=== Source data ===

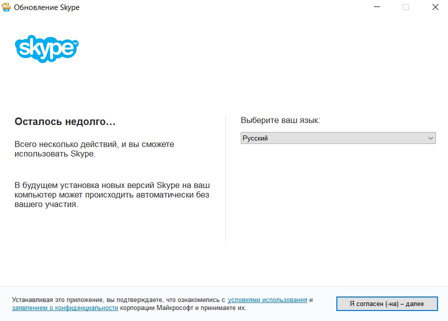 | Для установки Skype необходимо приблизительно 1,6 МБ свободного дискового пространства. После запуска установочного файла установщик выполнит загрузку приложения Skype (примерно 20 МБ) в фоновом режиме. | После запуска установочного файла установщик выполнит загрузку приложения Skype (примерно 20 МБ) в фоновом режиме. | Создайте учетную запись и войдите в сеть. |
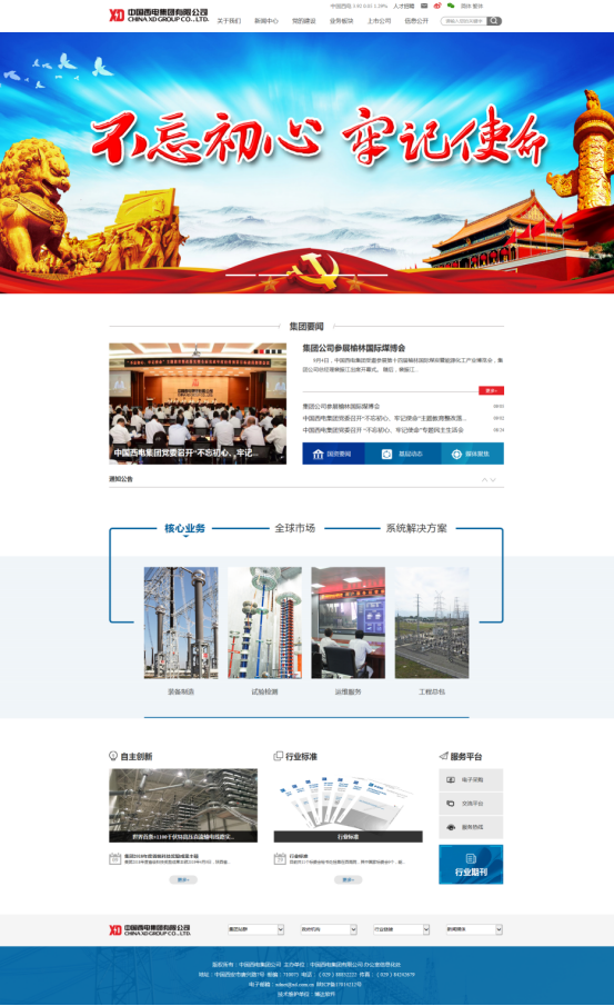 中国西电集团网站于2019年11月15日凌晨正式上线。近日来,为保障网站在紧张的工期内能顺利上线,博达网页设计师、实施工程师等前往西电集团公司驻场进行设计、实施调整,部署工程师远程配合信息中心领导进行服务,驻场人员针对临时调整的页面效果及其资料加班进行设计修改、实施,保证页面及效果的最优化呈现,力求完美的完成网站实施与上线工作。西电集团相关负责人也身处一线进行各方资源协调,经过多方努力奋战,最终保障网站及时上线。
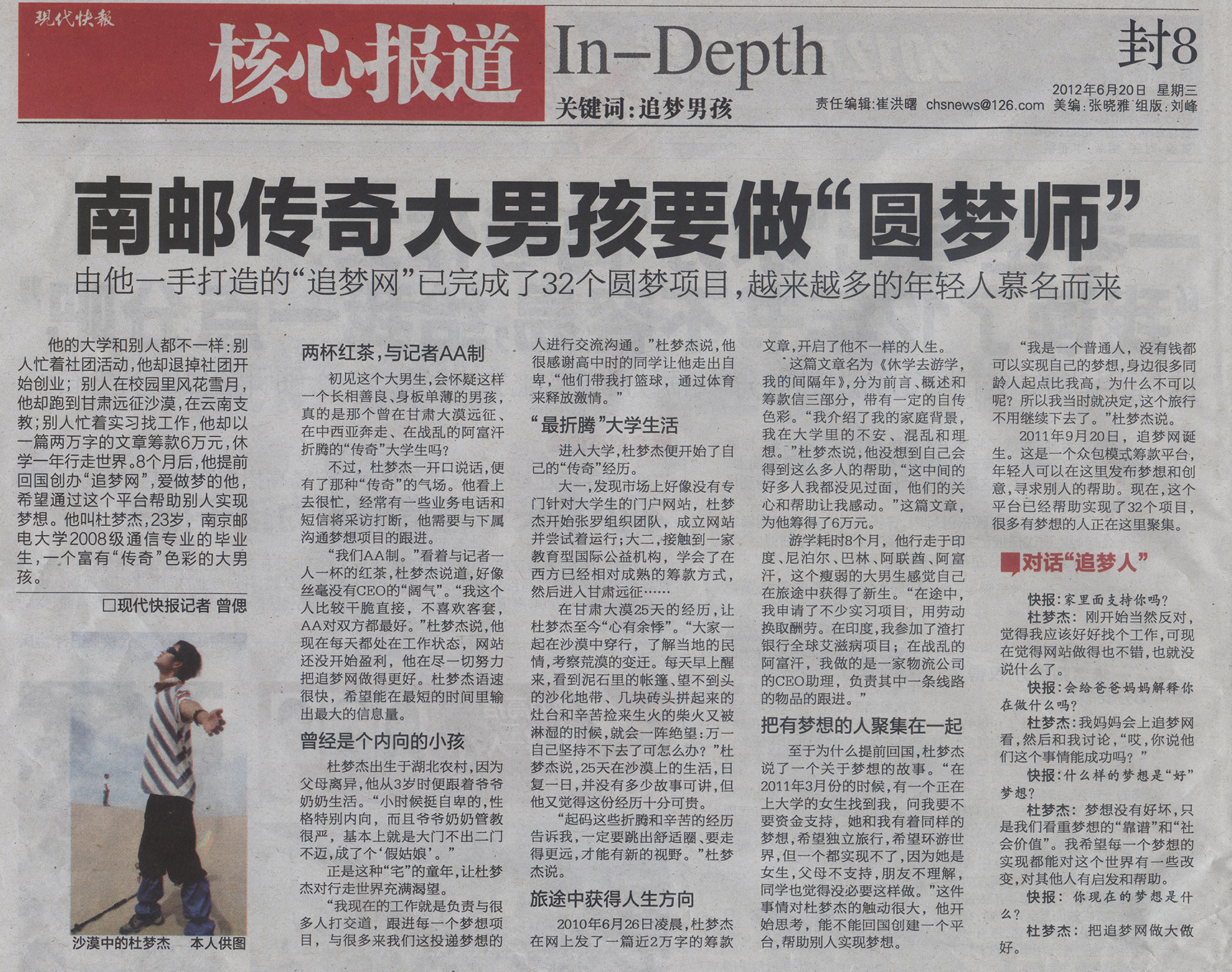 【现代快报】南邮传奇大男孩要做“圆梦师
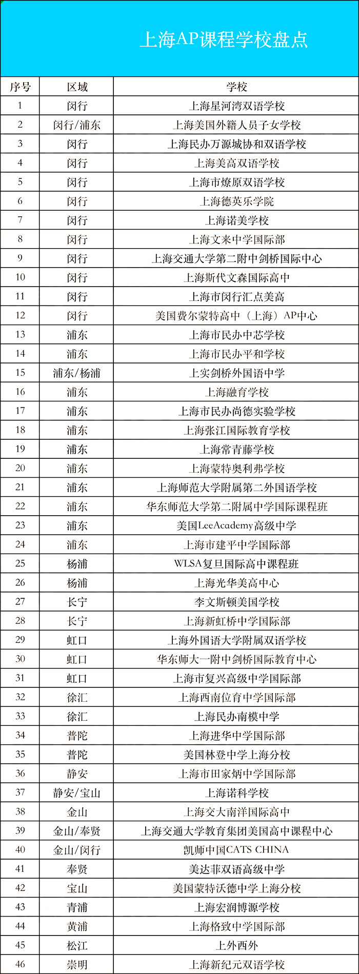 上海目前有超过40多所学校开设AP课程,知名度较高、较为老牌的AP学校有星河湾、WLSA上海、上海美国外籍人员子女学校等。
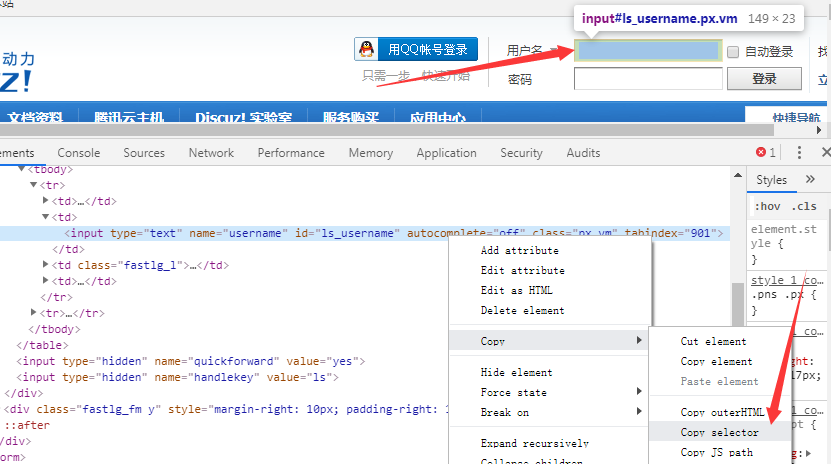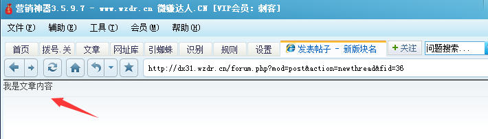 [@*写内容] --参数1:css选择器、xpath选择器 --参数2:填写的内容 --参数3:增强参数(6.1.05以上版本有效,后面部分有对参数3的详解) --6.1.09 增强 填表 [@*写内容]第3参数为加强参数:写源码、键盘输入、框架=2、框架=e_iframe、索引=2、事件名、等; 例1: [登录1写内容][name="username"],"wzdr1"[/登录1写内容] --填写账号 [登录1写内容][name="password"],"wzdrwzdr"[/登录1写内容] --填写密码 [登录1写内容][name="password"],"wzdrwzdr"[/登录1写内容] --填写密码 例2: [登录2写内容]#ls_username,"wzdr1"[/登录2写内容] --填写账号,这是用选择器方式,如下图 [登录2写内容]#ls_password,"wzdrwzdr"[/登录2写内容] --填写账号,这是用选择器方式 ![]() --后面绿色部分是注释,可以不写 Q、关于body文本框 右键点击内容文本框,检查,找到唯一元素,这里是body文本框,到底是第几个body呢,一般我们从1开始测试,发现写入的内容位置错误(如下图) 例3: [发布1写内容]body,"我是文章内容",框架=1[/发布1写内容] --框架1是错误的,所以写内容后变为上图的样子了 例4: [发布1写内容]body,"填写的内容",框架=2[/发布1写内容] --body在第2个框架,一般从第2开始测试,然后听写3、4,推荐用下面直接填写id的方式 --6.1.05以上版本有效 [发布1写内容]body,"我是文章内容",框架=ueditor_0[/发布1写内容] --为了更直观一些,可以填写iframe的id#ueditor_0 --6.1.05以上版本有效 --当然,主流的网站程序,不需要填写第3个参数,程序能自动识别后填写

===

What the task requires>
Output the line containing "中国西电集团网站于2019年" along with every line after it to the end of the material, exactly as written, but without pictures.

Reply to the task>
 中国西电集团网站于2019年11月15日凌晨正式上线。近日来,为保障网站在紧张的工期内能顺利上线,博达网页设计师、实施工程师等前往西电集团公司驻场进行设计、实施调整,部署工程师远程配合信息中心领导进行服务,驻场人员针对临时调整的页面效果及其资料加班进行设计修改、实施,保证页面及效果的最优化呈现,力求完美的完成网站实施与上线工作。西电集团相关负责人也身处一线进行各方资源协调,经过多方努力奋战,最终保障网站及时上线。
 【现代快报】南邮传奇大男孩要做“圆梦师
 上海目前有超过40多所学校开设AP课程,知名度较高、较为老牌的AP学校有星河湾、WLSA上海、上海美国外籍人员子女学校等。
 [@*写内容] --参数1:css选择器、xpath选择器 --参数2:填写的内容 --参数3:增强参数(6.1.05以上版本有效,后面部分有对参数3的详解) --6.1.09 增强 填表 [@*写内容]第3参数为加强参数:写源码、键盘输入、框架=2、框架=e_iframe、索引=2、事件名、等; 例1: [登录1写内容][name="username"],"wzdr1"[/登录1写内容] --填写账号 [登录1写内容][name="password"],"wzdrwzdr"[/登录1写内容] --填写密码 [登录1写内容][name="password"],"wzdrwzdr"[/登录1写内容] --填写密码 例2: [登录2写内容]#ls_username,"wzdr1"[/登录2写内容] --填写账号,这是用选择器方式,如下图 [登录2写内容]#ls_password,"wzdrwzdr"[/登录2写内容] --填写账号,这是用选择器方式 ![]() --后面绿色部分是注释,可以不写 Q、关于body文本框 右键点击内容文本框,检查,找到唯一元素,这里是body文本框,到底是第几个body呢,一般我们从1开始测试,发现写入的内容位置错误(如下图) 例3: [发布1写内容]body,"我是文章内容",框架=1[/发布1写内容] --框架1是错误的,所以写内容后变为上图的样子了 例4: [发布1写内容]body,"填写的内容",框架=2[/发布1写内容] --body在第2个框架,一般从第2开始测试,然后听写3、4,推荐用下面直接填写id的方式 --6.1.05以上版本有效 [发布1写内容]body,"我是文章内容",框架=ueditor_0[/发布1写内容] --为了更直观一些,可以填写iframe的id#ueditor_0 --6.1.05以上版本有效 --当然,主流的网站程序,不需要填写第3个参数,程序能自动识别后填写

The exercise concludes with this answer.